Serving Raw HTML code

Since version 1.2 of Notepad Server you've had the ability to serve straight HTML code from your Web directory, allowing you immense flexibility in how you present your information to the world. Couple your server, your creativity, and Foundation Systems' nHTML and you have an un-beatable creation and service platform right in the palm of your hand.

So, How does it work?

It's blazingly simple to serve straight HTML. All you have to do is write the code in a note, being sure to follow the HTML spec by enclosing the whole document between <HTML> and </HTML> tags. Notepad Server recognizes the <HTML> tag and serves the exact text of the page rather than doing any dynamic formatting of it.

Your Note Should Look Like This:

<HTML>
<HEAD><TITLE>
A Title</TITLE></HEAD>
<BODY>
Insert Body Here
</BODY>
</HTML>

Server Side Includes

Also supported by Personal Data Sharing is a series of variables that you can access from either your text notes or, even better, your raw HTML documents. On other platforms, these are called Server Side Includes, so that's what we'll call them here.

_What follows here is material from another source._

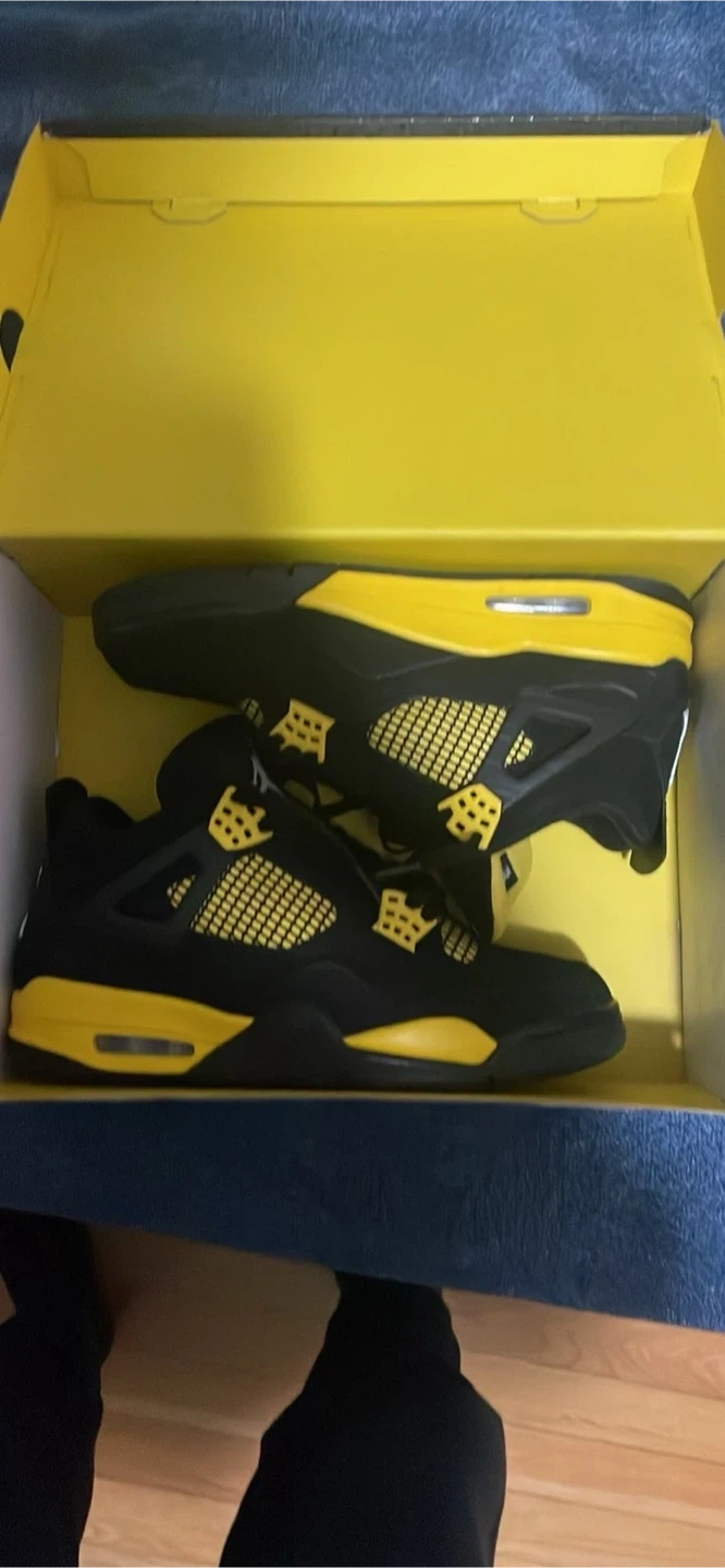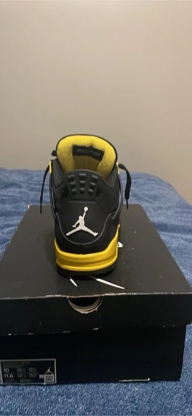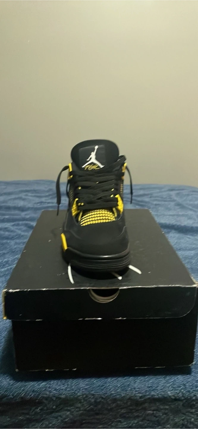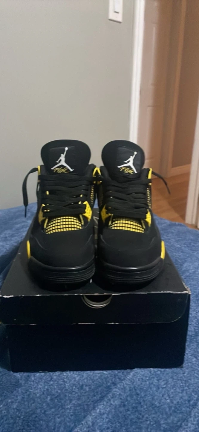 10Selling a pair of Jordan 4 Retro Black Lightning sneakers in size 10. They come with the original box and are in great condition! A stylish addition to any sneaker collection

A Table of all SSI supported in Version 1.5 of Personal Data Sharing is available here.

How do I USE These Things?

Simple. Say you want to include the access counter in a sentence. You'd write something like this in your Notepad:

So far, <COUNTER> chunks o' knowledge have been spewed into the ether by this server.

And you'd get:

So far, 296 chunks o' knowledge have been spewed into the ether by this server.

Or, say you always want the title of your HTML document to reflect the name it has in the title bar of its Notepad entry. In you header, you'd write:

<HTML><HEAD><TITLE><NOTE_TITLE></TITLE></HEAD>

And even if you changed the name of the note to Zaphod_Beeblebrox, the title returned by your HTML will reflect that.

Nifty, huh?

Special Characters:

Unless you're lucky enough to use only the 0-127 ASCII code in your alphabet, you need to be able to display "International Characters" (such as: ü, ø, å, ß)

One solution to this is to go through your notes and subsitute in the &#000 HTML code for each character and we tried to have PDS do that that but it's VERY annoying. (Slow, inaccurate, and generally stupid.)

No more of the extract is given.